• **What this task involves**:
Every record is to be duplicated exactly as it reads, without its images.

• **Provided records**:
------------------------------------------------------------

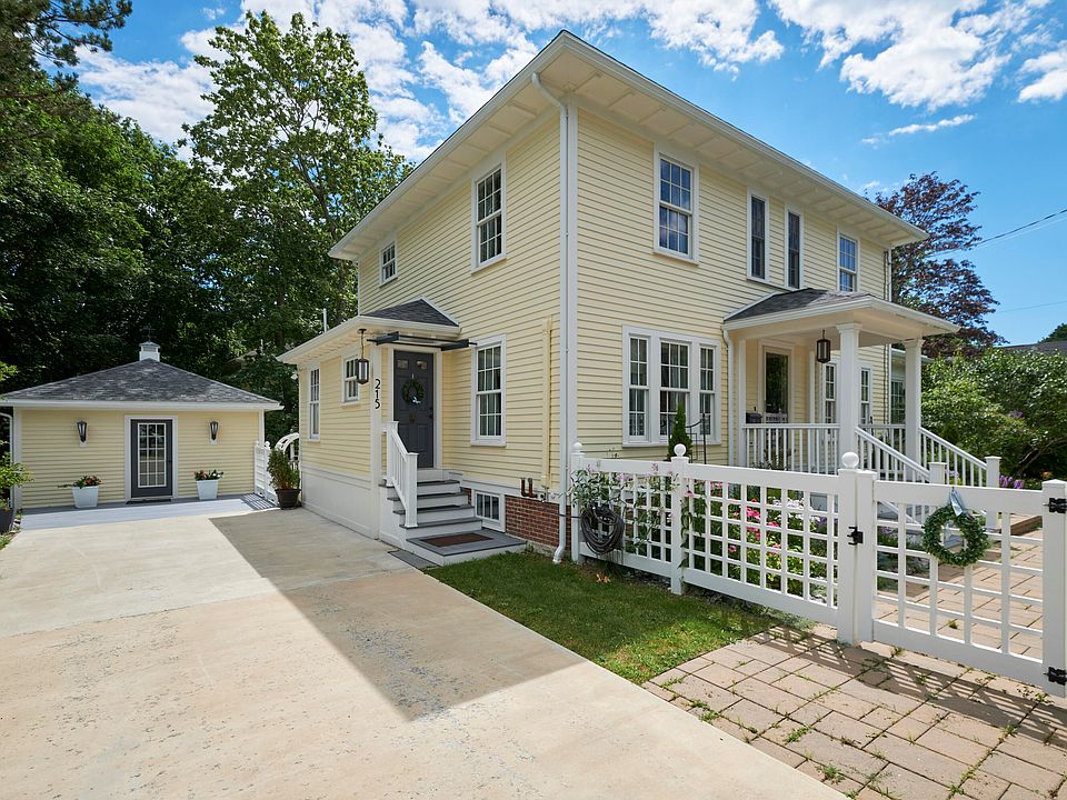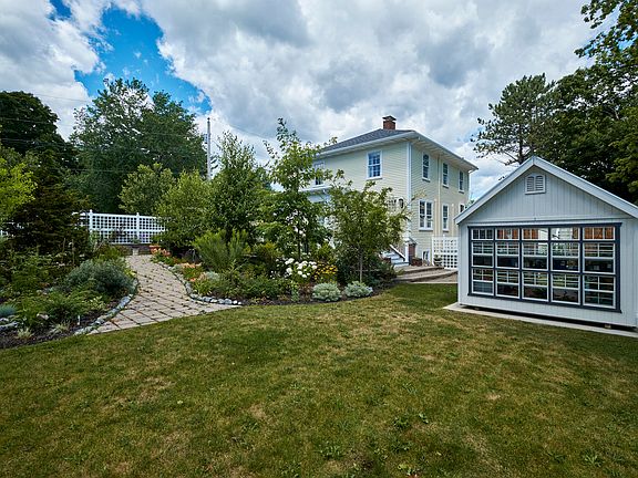 This tastefully restored and renovated 1927 house on a beautifully landscaped corner lot is a gardener's dream. Paths wind through specimen trees, shrubs & gardens past a very large greenhouse to a private rear patio. An ornate lattice-work, no maintenance vinyl fence surrounds the property. Step into the air-conditioned interior of the house with refinished hardwood floors throughout and you will immediately appreciate the fine period details including a coffered ceiling, built-in bookshelves and a wood-burning fireplace in the formal living room as well as the built-in china cabinet in the adjacent formal dining room. The well-equipped kitchen has granite counters and stainless steel appliances including a set of dishwasher drawers. There are plenty of cabinets and pantry storage, a center island and the sink has a greenhouse window that overlooks the lovely patio. Cheerful checkerboard vinyl floors accent the kitchen, the adjacent full bathroom as well as the mudroom entry. A cozy den off the living room with a sliding glass door out to the backyard completes the first floor. On the second floor, there are three bedrooms with large closets. A spacious hall bathroom with original period details including built-in drawers, a linen closet, a pedestal sink and an updated oversized stall shower maintains the vintage feeling of the house. The full height, dry basement is divided between a large finished side with full-size windows and a half bath that could be used as a home office, art studio or craft room. The equally large semi-finished/insulated side of the basement contains the utilities and a separate laundry area with an exit door to the patio. The original 1927 one-car garage was converted by a past owner into a studio. Used as additional storage space by the current owner, it could be converted back into a garage. An extensive list of improvements is included with the disclosures.
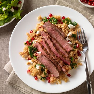 Carve steaks into slices; season with salt, as desired. Place quinoa on serving platter; top with cheese. Arrange beef around quinoa. Garnish with pomegranate arils, if desired.
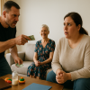 Наталья Николаевна ввалилась в прихожую, даже не сняв уличные ботинки. Грязные следы потянулись по светлому линолеуму. Мария застыла с пакетами в руках — молоко, хлеб, детский парацетамол из аптеки. Ключи всё ещё торчали из замочной скважины.
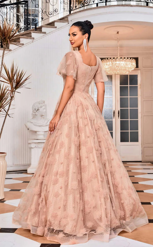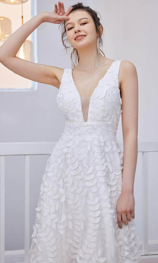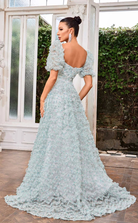 Light Blue Leaf Motif Appliqued A-Line Dress
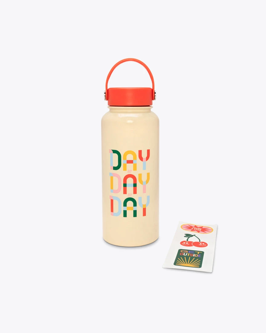 This bottle could convince anyone to drink more water. It has a bright, colorful design, lid with carrying strap, and fun stickers (!) to really make it your own.
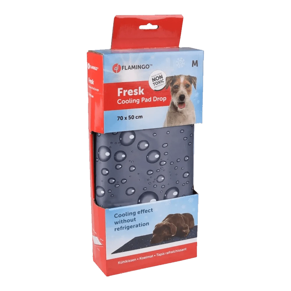 Leuke koelmat voor uw huisdier (Hond of Kat) met druppelmotief. De mat is gevuld met een niet giftige gel en koelt direct bij lichaamscontact, geen diepvries of koelkast nodig. Makkelijk schoon te maken met vochtige doek. Kan direct gebruikt worden. Het is mogelijk de koelmat in de koelkast te leggen voor extra verkoeling.
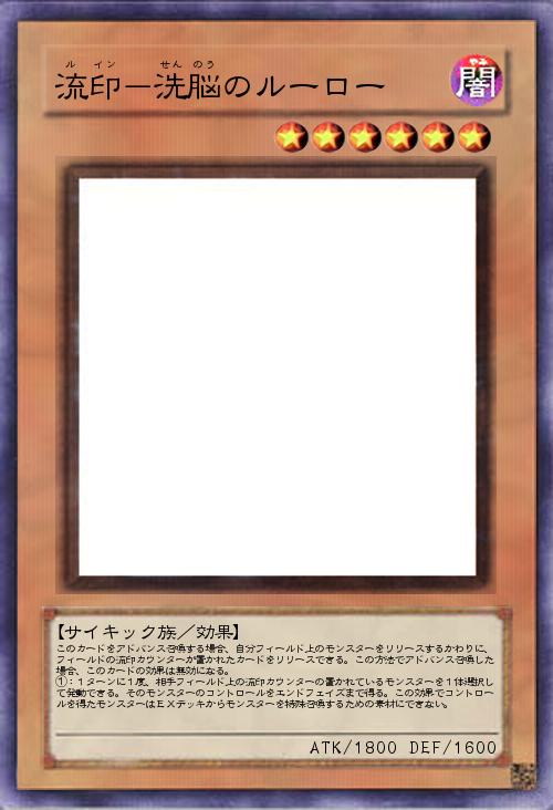 | このカードをアドバンス召喚する場合、自分フィールド上のモンスターをリリースするかわりに、フィールドの流印カウンターが置かれたカードをリリースできる。この方法でアドバンス召喚した場合、このカードの効果は無効になる。 ①:1ターンに1度、相手フィールド上の流印カウンターの置かれているモンスターを1体選択して発動できる。そのモンスターのコントロールをエンドフェイズまで得る。この効果でコントロールを得たモンスターはEXデッキからモンスターを特殊召喚するための素材にできない。 | |||

------------------------------------------------------------

• **Task output**:
 This tastefully restored and renovated 1927 house on a beautifully landscaped corner lot is a gardener's dream. Paths wind through specimen trees, shrubs & gardens past a very large greenhouse to a private rear patio. An ornate lattice-work, no maintenance vinyl fence surrounds the property. Step into the air-conditioned interior of the house with refinished hardwood floors throughout and you will immediately appreciate the fine period details including a coffered ceiling, built-in bookshelves and a wood-burning fireplace in the formal living room as well as the built-in china cabinet in the adjacent formal dining room. The well-equipped kitchen has granite counters and stainless steel appliances including a set of dishwasher drawers. There are plenty of cabinets and pantry storage, a center island and the sink has a greenhouse window that overlooks the lovely patio. Cheerful checkerboard vinyl floors accent the kitchen, the adjacent full bathroom as well as the mudroom entry. A cozy den off the living room with a sliding glass door out to the backyard completes the first floor. On the second floor, there are three bedrooms with large closets. A spacious hall bathroom with original period details including built-in drawers, a linen closet, a pedestal sink and an updated oversized stall shower maintains the vintage feeling of the house. The full height, dry basement is divided between a large finished side with full-size windows and a half bath that could be used as a home office, art studio or craft room. The equally large semi-finished/insulated side of the basement contains the utilities and a separate laundry area with an exit door to the patio. The original 1927 one-car garage was converted by a past owner into a studio. Used as additional storage space by the current owner, it could be converted back into a garage. An extensive list of improvements is included with the disclosures.
 Carve steaks into slices; season with salt, as desired. Place quinoa on serving platter; top with cheese. Arrange beef around quinoa. Garnish with pomegranate arils, if desired.
 Наталья Николаевна ввалилась в прихожую, даже не сняв уличные ботинки. Грязные следы потянулись по светлому линолеуму. Мария застыла с пакетами в руках — молоко, хлеб, детский парацетамол из аптеки. Ключи всё ещё торчали из замочной скважины.
 Light Blue Leaf Motif Appliqued A-Line Dress
 This bottle could convince anyone to drink more water. It has a bright, colorful design, lid with carrying strap, and fun stickers (!) to really make it your own.
 Leuke koelmat voor uw huisdier (Hond of Kat) met druppelmotief. De mat is gevuld met een niet giftige gel en koelt direct bij lichaamscontact, geen diepvries of koelkast nodig. Makkelijk schoon te maken met vochtige doek. Kan direct gebruikt worden. Het is mogelijk de koelmat in de koelkast te leggen voor extra verkoeling.
 | このカードをアドバンス召喚する場合、自分フィールド上のモンスターをリリースするかわりに、フィールドの流印カウンターが置かれたカードをリリースできる。この方法でアドバンス召喚した場合、このカードの効果は無効になる。 ①:1ターンに1度、相手フィールド上の流印カウンターの置かれているモンスターを1体選択して発動できる。そのモンスターのコントロールをエンドフェイズまで得る。この効果でコントロールを得たモンスターはEXデッキからモンスターを特殊召喚するための素材にできない。 | |||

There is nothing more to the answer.